Desolation Comes Upon The Sky

by aewgliriel



Category: Rogue One: A Star Wars Story (2016)
Genre: Angst, F/M
Language: English
Status: Completed
Published: 2018-02-14
Updated: 2018-02-14
Packaged: 2019-03-18 14:25:42
Rating: Teen And Up Audiences
Warnings: No Archive Warnings Apply
Chapters: 1
Words: 1,596
Publisher: archiveofourown.org
Story URL: https://archiveofourown.org/works/13683522
Author URL: https://archiveofourown.org/users/aewgliriel/pseuds/aewgliriel
Summary: Cassian learns something devastating from a Bothan spy and has to figure out how to tell Jyn.Written for lionkingauston for the 2018 RebelCaptain Secret Valentine exchange on Tumblr.
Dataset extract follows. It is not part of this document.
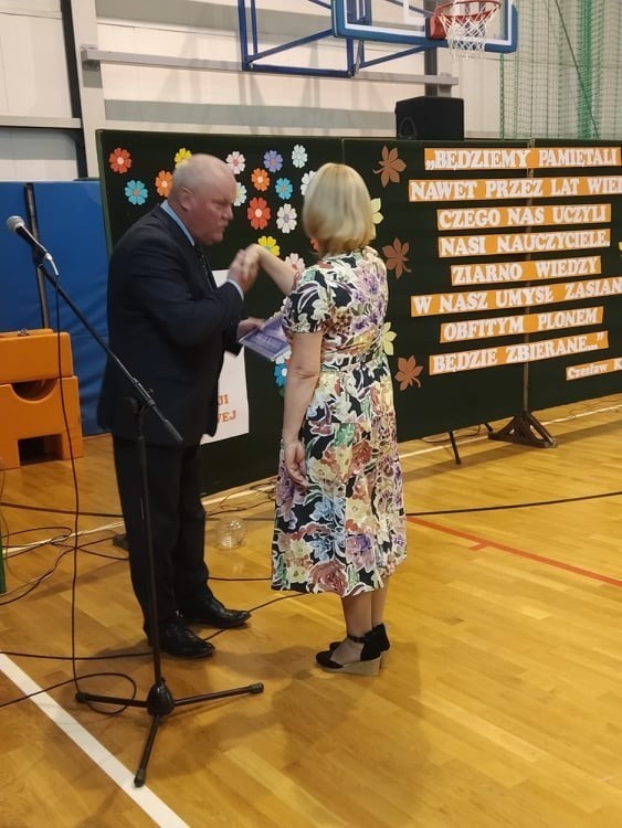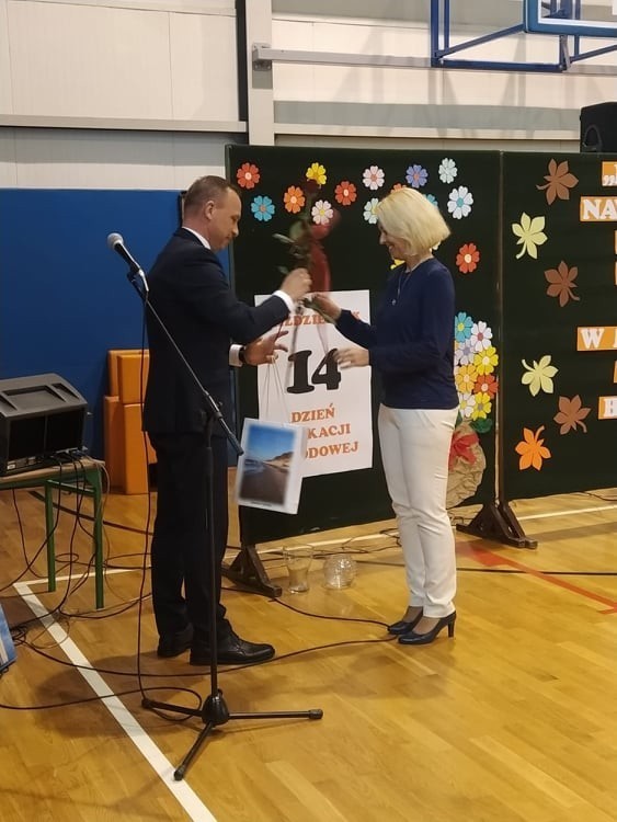 Drugą część uroczystości rozpoczął dyrektor szkoły pan Zbigniew Bednarczyk, składając życzenia wszystkim pracownikom szkoły. Następnie wyróżniającym się w pracy nauczycielom zostały wręczone nagrody. Nagrodę Wójta Gminy Ustka otrzymała pani Renata Czerczak. Nagrody Dyrektora Szkoły otrzymali następujący nauczyciele: Joanna Kaczmarczyk, Barbara Mielczarek, Marta Miotk, Małgorzata Stępień, Mariola Wólczyńska i Marta Wróblewska. Ponadto Nagrody Dyrektora Szkoły otrzymali wszyscy pracownicy obsługi i administracji. Wielkie gratulacje dla wszystkich nagrodzonych osób! I tak minęło nam w miłej atmosferze Święto Edukacji Narodowej.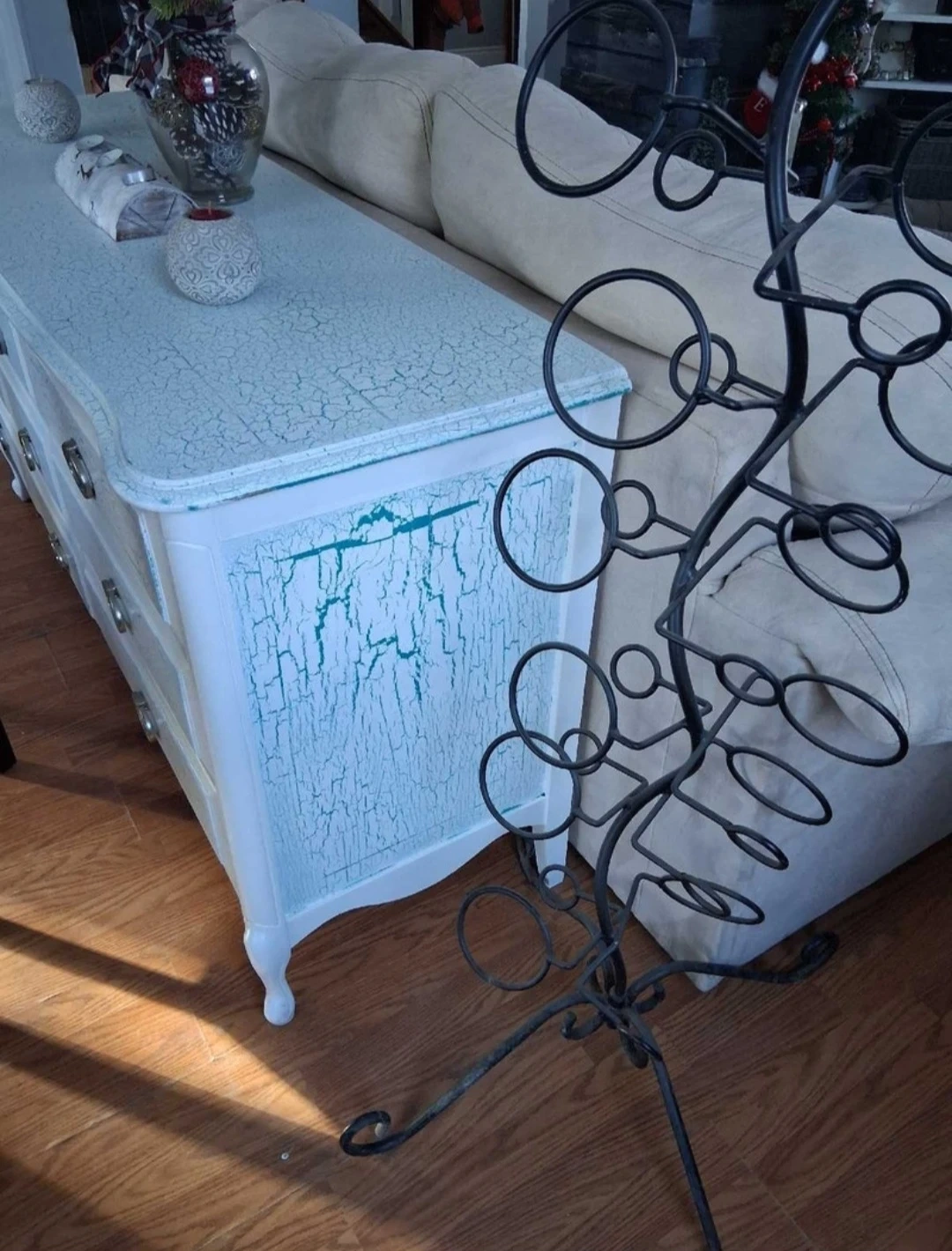 Selling a lovely white dresser with nine drawers. It has a unique crackle finish on top and a classic design that would look great in any bedroom. It's in good condition and ready for a new home!

The prompt was “History repeats itself and we can never win”. Angst was requested, and angst is delivered!





	Desolation Comes Upon The Sky

**Author's Note:**

> Title comes from “I See Fire” by Ed Sheeran.

_Somewhere between Verdanth and Ragna_

_4ABY_

Bothan blood, Cassian Andor reflects, is just as red as human but somehow stickier. At least, it seems that way as he unclenches his fist and pries the data stick out of it as Jyn announces that they’re in hyperspace and away.

She stands in the doorway to the small ship’s only cabin, the place they’ve called home for most of the last year since the evacuation of Hoth. Since Draven died, Madine stepped in as general over Intelligence, and Cassian was promoted to colonel. Since Solo went missing and Skywalker had his hand chopped off by a Sith and everything went to hell.

“You alright?” Jyn asks quietly. “I’m guessing that blood’s not yours.”

Cassian looks down at the shocking amount of it soaking his shirt. “No. I… No. My contact was wounded. I had to… He wouldn’t make it, so I had to…”

She steps close, hand hovering over his shoulder but not touching. He doesn’t blame her. He looks like the sole survivor of a slaughter, though he’d only seen the aftermath of one. “You were doing him a favour,” she remarks. “The Empire wouldn’t have been quick.”

“They weren’t,” he says, after a moment. “That’s why he was bleeding out in my hands.”

She hasn’t noticed the data stick, and he doesn’t call attention to it. Not yet. Not with the dying spy’s words rolling around in his head like they are.

“I’m going to take a shower,” he says.

Jyn wrinkles her nose. “Yeah. That would be good. You hungry?”

“No,” he sighs. “I could use some caf, though.”

She nods. “I can do that.”

Cassian waits until she leaves before fetching his datapad, the one loaded with decryption programs. He cleans the blood off the input end of the data stick and plugs it in, takes the datapad into the ‘fresher to run while he showers.

It takes longer than he’d like to get clean. He wrenched his back during his flight from where he’d left the dead Bothan, and the old injury from Scarif feels like a hot metal rod in place of his spine. The water from the on-board recycler smells metallic, which doesn’t help the nausea rolling in his gut from the stench of blood.

Finally, he decides he’s as clean as he’s going to get right then, because if he has to stand for one more second under the stream of hot, metal-smelling water, he’s going to vomit. He stumbles out, grabs one of the two lone towels in their possession, and dries off as he eyes the progress of the decryption. It’s almost done.

When it reaches 100%, he drops the towel on the floor and opens the file, too worried about what would cause the capture and execution of a ship of three hundred Bothans by Imperial hands to be concerned over mere nakedness.

When he reads the report, Cassian drops to his knees on the ‘fresher floor, leans over the toilet, and throws up anyway.

——-

The little ship has become more home than anywhere else Jyn has ever known, the longest place she’s had to rest her head since she was sixteen. She’s used to the sounds of it now: the hum of the hyperdrive, the rumble of the sublights when they drop into realspace, the sound of the water recycler kicking in. They need to drain out the old and get a fresh supply, she thinks as she pours caf out for Cassian. They’ve been running on the one tank for four straight months and “stale” doesn’t begin to describe it these days.

A new sound interrupts the quiet, and it takes her a moment to place the faint noise as … crying? Cassian’s the only other person on board, and it’s a really good thing they like each other, because as cramped as everything is, there’s no such thing as personal space between them unless they’re in separate areas. She hasn’t heard him crying since the awful days after Scarif, when they were both broken and hurting, physically and emotionally. He hadn’t even cried when Draven died, and that man had basically been a father to him.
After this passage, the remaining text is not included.